# Web Ingestion Example

This notebook demonstrates how to use the web ingestion utilities to process a website URL and store the chunks in a vector store for question answering.

In [14]:
import os
from dotenv import load_dotenv

from openai import AsyncOpenAI
from pydantic import BaseModel

from utils.model_costs import ModelUsageAsync
from utils.openai_calls import call_openai_structured

# Add web-specific imports
from utils.web_ingestion import ingest_web_url, WebChunk, WebDocument
from utils.vector_store import VectorStore, get_query_embedding

load_dotenv() # .env should be in the root folder (sibling of this notebook)

load_dotenv()  # .env should be in the root folder (sibling of this notebook)

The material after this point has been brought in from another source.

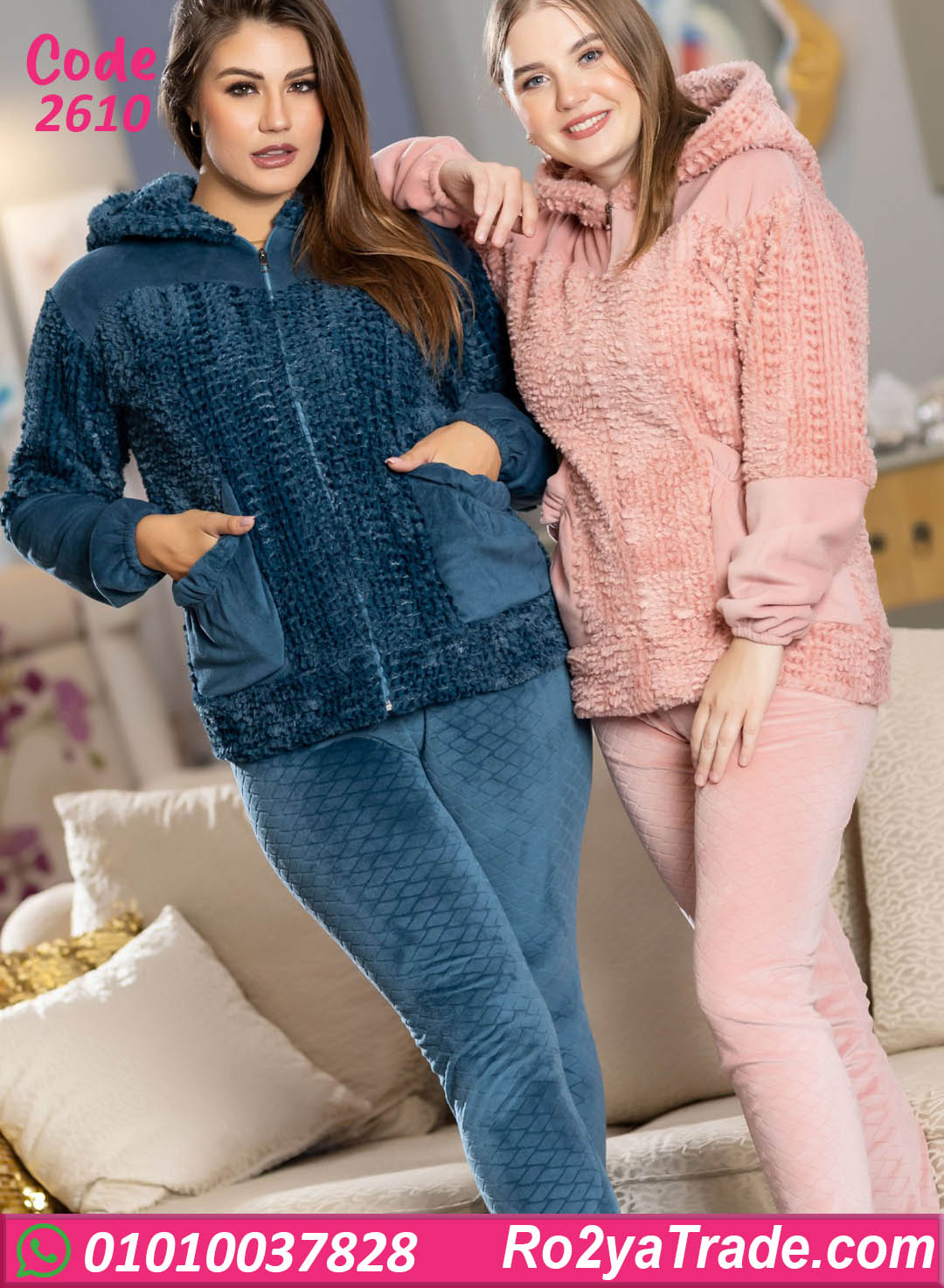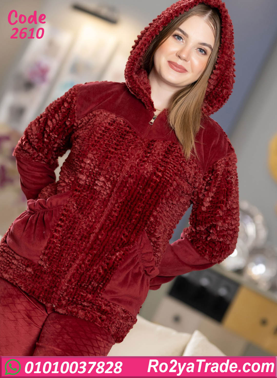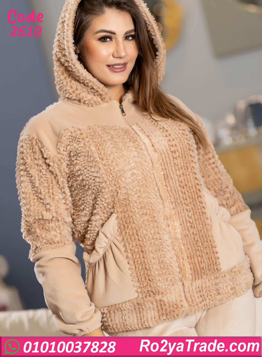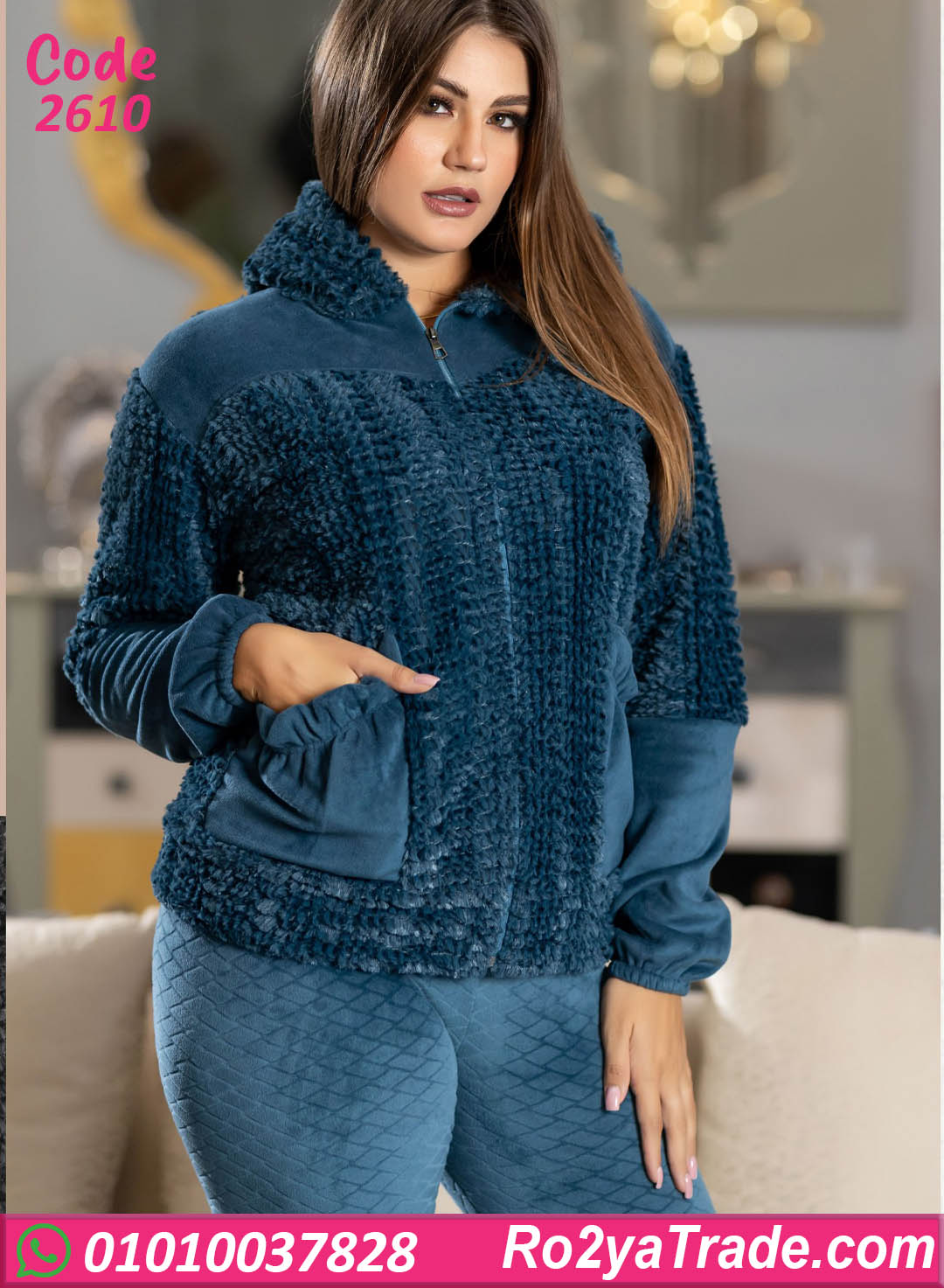 بيجامة نسائي شتوي مكونة من قطعتين، جاكيت فرو تقيل بغطاء رأس (هودي) وسوستة أمامية مع بنطلون مريح بنفس الخامة. التصميم عملي جدًا ومناسب للاستخدام اليومي، الخامة ناعمة على الجلد وبتحتفظ بالحرارة، وبتدي شكل أنيق ومودرن في نفس الوقت. اختيار ممتاز للستات اللي بتحب اللبس التقيل والدافي مع شكل شيك في الشتاء. كود 2610

openai_client = AsyncOpenAI(
    api_key=os.getenv("OPENAI_PROJECT_KEY"),
)

In [15]:
import subprocess
subprocess.run(["python", "-m", "playwright", "install"])

# URL to process (replace with any URL you want to analyze)
url = "https://patents.google.com/patent/US8812435B1/en?oq=US8812435B1"

# Create usage tracker
web_ingestion_usage = ModelUsageAsync()

# Process the web page: extract text, chunk, and embed
web_doc, chunks = await ingest_web_url(
    url=url,
    openai_client=openai_client,
    target_chunk_tokens=350,  # As specified in the tech spec
    chunk_overlap=0.3,        # 30% overlap as specified
    embedding_model="text-embedding-3-small",
    llm_usage=web_ingestion_usage
)

# Print some stats
print(f"Processed URL: {web_doc.url}")
print(f"Page title: {web_doc.title}")
print(f"Created {len(chunks)} chunks")
print(f"Embedding tokens used: {await web_ingestion_usage.get_tokens_used()}")
print(f"Embedding cost: ${await web_ingestion_usage.get_cost()}")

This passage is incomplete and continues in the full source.